In June 1993, you could already get FreeBSD, NetBSD and 386BSD as well
as BSD 4.4-lite. I think Minix was also available and several other
'also ran' Unix clones of the era whose names have slipped from my
Most of the folks in this thread are lamenting the era before the Net2
release when nothing was available without some kind of encumbrance.
And they do have a point. Where you went to school mattered a lot for
how much access to the sources you could get.
But I was at a school that had a liberal source access policy. You
asked Mike and he told you where to find the source. :) Mike was the
director of the computer center, and he also told you not to release
it and it would be an expellable offense if you shared it or copied
off the servers. But at the time, I didn't have enough disk space on
my PC to do that.... and I always had dialin access to the encumbered
4.2BSD sources as well as the SunOS 3.x sources. But without a machine
to run it on, it was hard to hack the kernel, or even know the good
kernel code from the bad with certainty.... Wasn't until my senior
year that the OS course switched over from writing an OS for a
TOPS-20-like machine emulated on a TOPS-20 machine to writing modules
to replace bits of SunOS with your own code...
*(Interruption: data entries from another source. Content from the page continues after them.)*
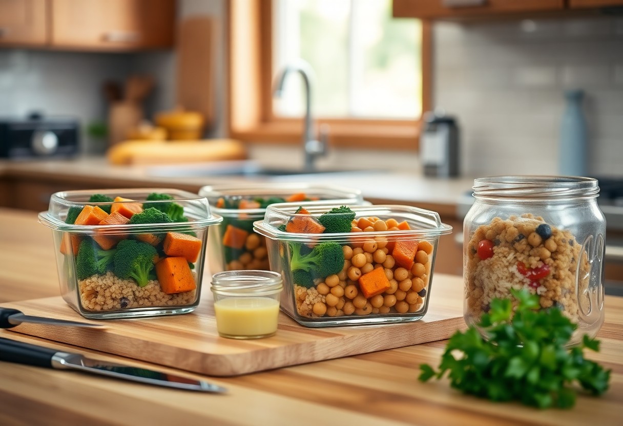 Start with batch-cooking basics: make 3-4 cups of cooked grains, 2-3 cans of beans drained, and a double tray of roasted vegetables on Sunday so you can mix-and-match lunches and dinners all week; use clear storage so you can see portions, label lids with dates, and freeze 1-2 ready meals for busy nights. Any small habit that saves you 15-30 minutes daily will add up to hours by Friday.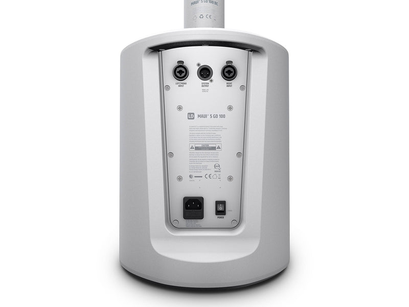 The LD Systems MAUI 5 GO 100 is the ultimate system to deliver crystal-clear, powerful sound in any location. The ultra-portable battery-powered column-PA is supplied by a high-performance lithium-ion unit that provides power to 12 hours operating time. The charger is built into the subwoofer. An external charging dock is available as an accessory. Inputs for microphone, instrument and line signals as well as Bluetooth stereo streaming make the MAUI 5 GO 100 the ideal ideal system for street musicians or for music and speech reproduction at private and business events and all mains power-free applications.
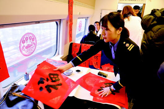 狄亚楠在车厢内为旅客书写福字。新华社发(李世杰摄)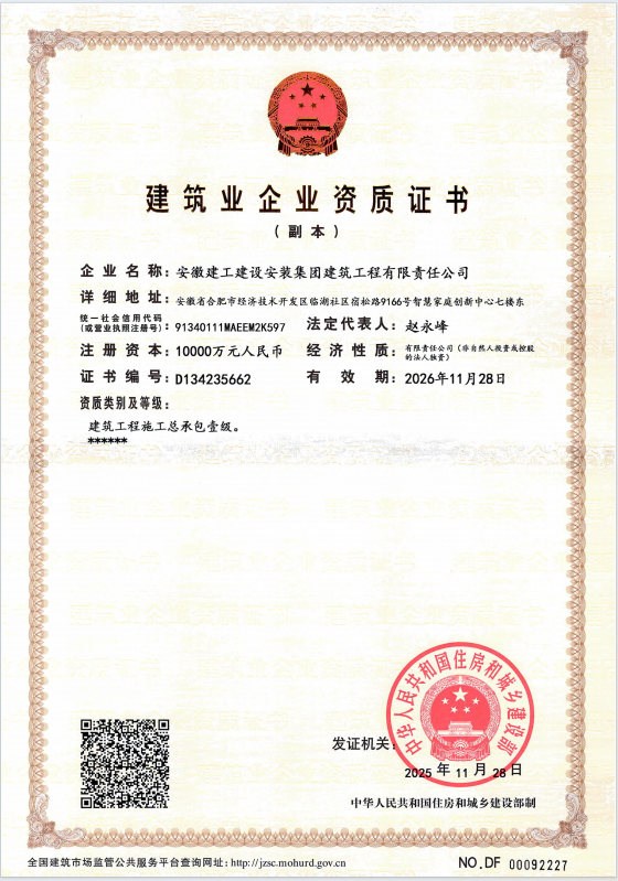 近日,建工安裝建筑公司在資質升級工作中取得里程碑式突破——經國家住房和城鄉建設部核準,建工安裝建筑公司正式獲得“建筑工程施工總承包壹級”資質。這一資質的取得,標志著建工安裝建筑公司綜合實力邁上新臺階,為后續拓展業務范圍、深耕區域市場、提升市場競爭力提供重要支撐。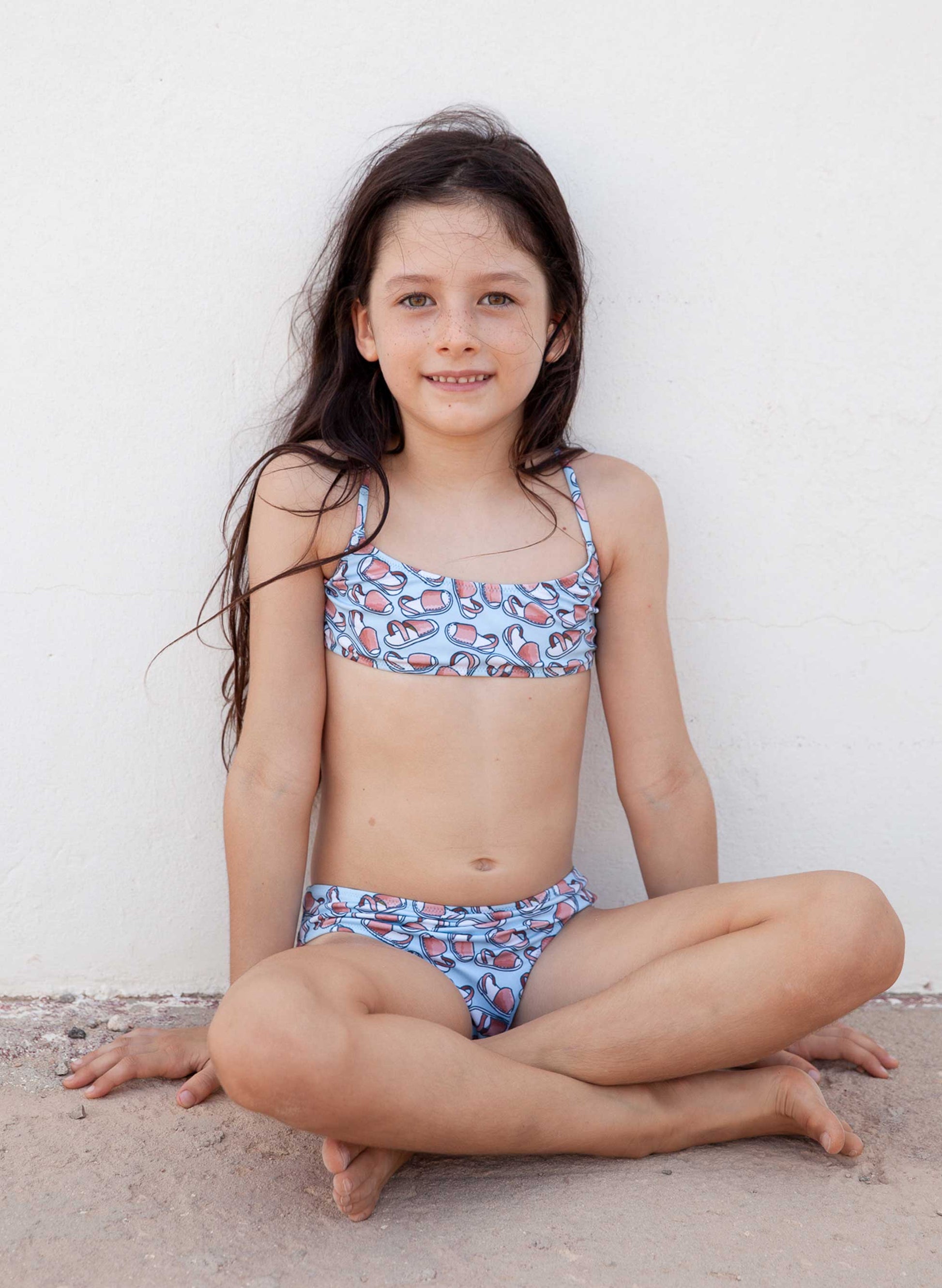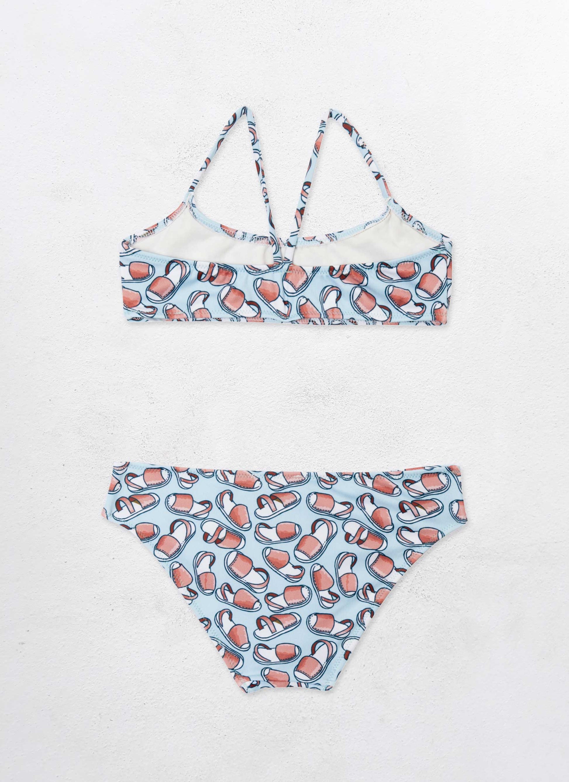Bikini SA PALMERA ILLETE Kids. Wide round neckline top with trim. Recycled fabric with exclusive Dossae Formentera print inspired by elements of the island. It has lining.

It was also part of an evolving notion of "OPEN". The SunOS systems
were Open. Totally Open. All the protocols they used were documented
and others could write implementations to them. And there was even a
sample implementation for things like NFS. For the day, that was super
open. Try it with VMS, which had some of the protocols documented and
some of those you could implement w/o running afoul of DEC's (claimed)
IP of various flavors... Sure, it isn't as Open as today, but it was
the first steps down that path...
So Unix has always been an open system. It's just that it's help drive
the notion of Open, including motivating people to work on Linux while
the last bits of it were being freed up and the inevitable legal
hassles that caused.... Of course, various commercial flavors
complicated this picture significantly.... But various commercial
Linux vendors don't really release their sources today, so it can be
hard to get all the bits you need, especially in BSP land.... So Linux
is open, but only mostly open since compliance isn't universal....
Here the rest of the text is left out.